Material provided Start Marker

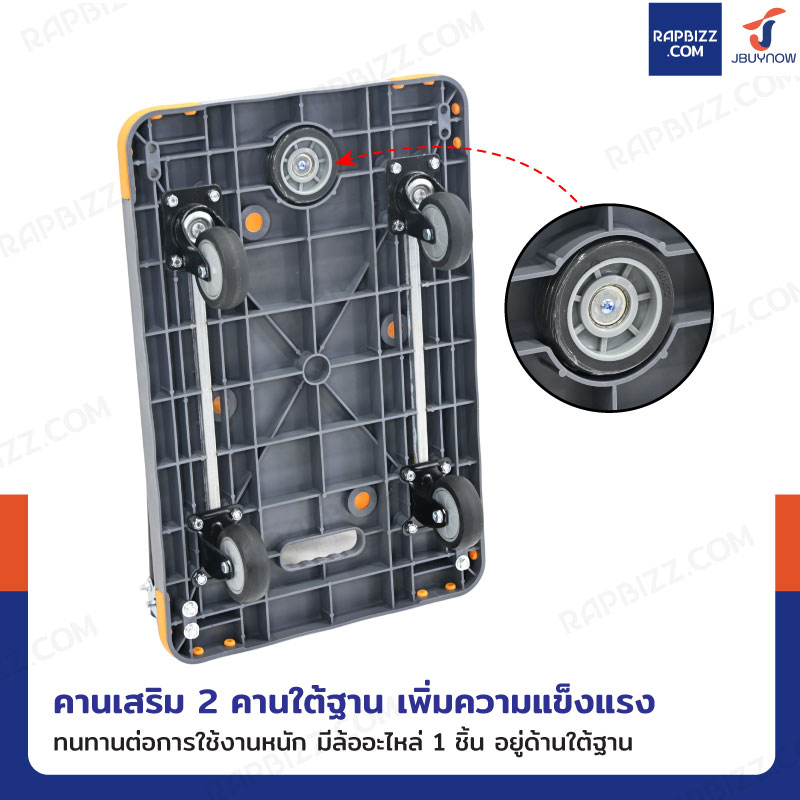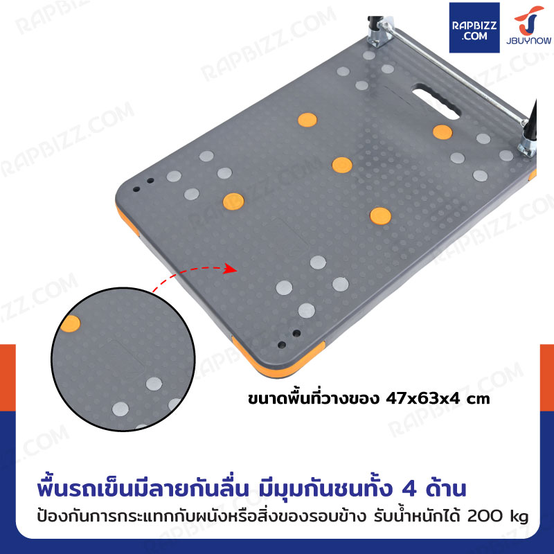 - พื้นรถเข็นลายกันลื่น ช่วยป้องกันสินค้าหลุดเลื่อนระหว่างเข็น
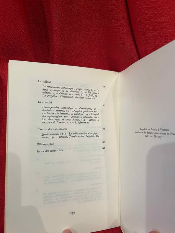 Paris, Presses Universitaires de France, 1981 ; in-8 (151 x 222 mm), 152 pp., broché, couverture à rabats. Collection «Voix nouvelles en Psychanalyse», dirigée par Jean Laplanche. Sous la direction de Pierre Fédida.
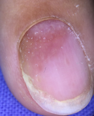 4. Si te aparecen pequeños hoyuelos, con o sin puntos blancos y cambios en el color en una o varias de tus uñas
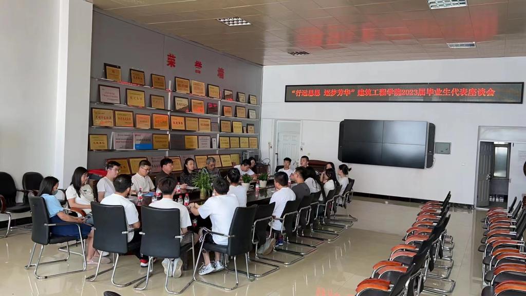 15/ 2023-06建筑工程学院召开2023届毕业生代表座谈会为进一步聆听毕业生的心声,了解毕业生对学院教育教学、学生管理与服务等方面的意见和建议,6月14日下午,建筑工程学院在会议室召开了2023届毕业生代表座谈会。院长姜云、副院长姜封国、副处级辅导员展跃,全体辅导员老师和14名2023届各专业毕业生代表出席了座谈会。座谈会上,毕业生代表们敞开心扉、踊跃发言,分享了各自在校学习期间的所思、所感、所想、所获,对学院和老师们的谆谆教导和精心培养表达了感激之情,对学校的教...

Material provided End Marker

Give back the whole listing exactly, without pictures.

[Response]
 - พื้นรถเข็นลายกันลื่น ช่วยป้องกันสินค้าหลุดเลื่อนระหว่างเข็น
 Paris, Presses Universitaires de France, 1981 ; in-8 (151 x 222 mm), 152 pp., broché, couverture à rabats. Collection «Voix nouvelles en Psychanalyse», dirigée par Jean Laplanche. Sous la direction de Pierre Fédida.
 4. Si te aparecen pequeños hoyuelos, con o sin puntos blancos y cambios en el color en una o varias de tus uñas
 15/ 2023-06建筑工程学院召开2023届毕业生代表座谈会为进一步聆听毕业生的心声,了解毕业生对学院教育教学、学生管理与服务等方面的意见和建议,6月14日下午,建筑工程学院在会议室召开了2023届毕业生代表座谈会。院长姜云、副院长姜封国、副处级辅导员展跃,全体辅导员老师和14名2023届各专业毕业生代表出席了座谈会。座谈会上,毕业生代表们敞开心扉、踊跃发言,分享了各自在校学习期间的所思、所感、所想、所获,对学院和老师们的谆谆教导和精心培养表达了感激之情,对学校的教...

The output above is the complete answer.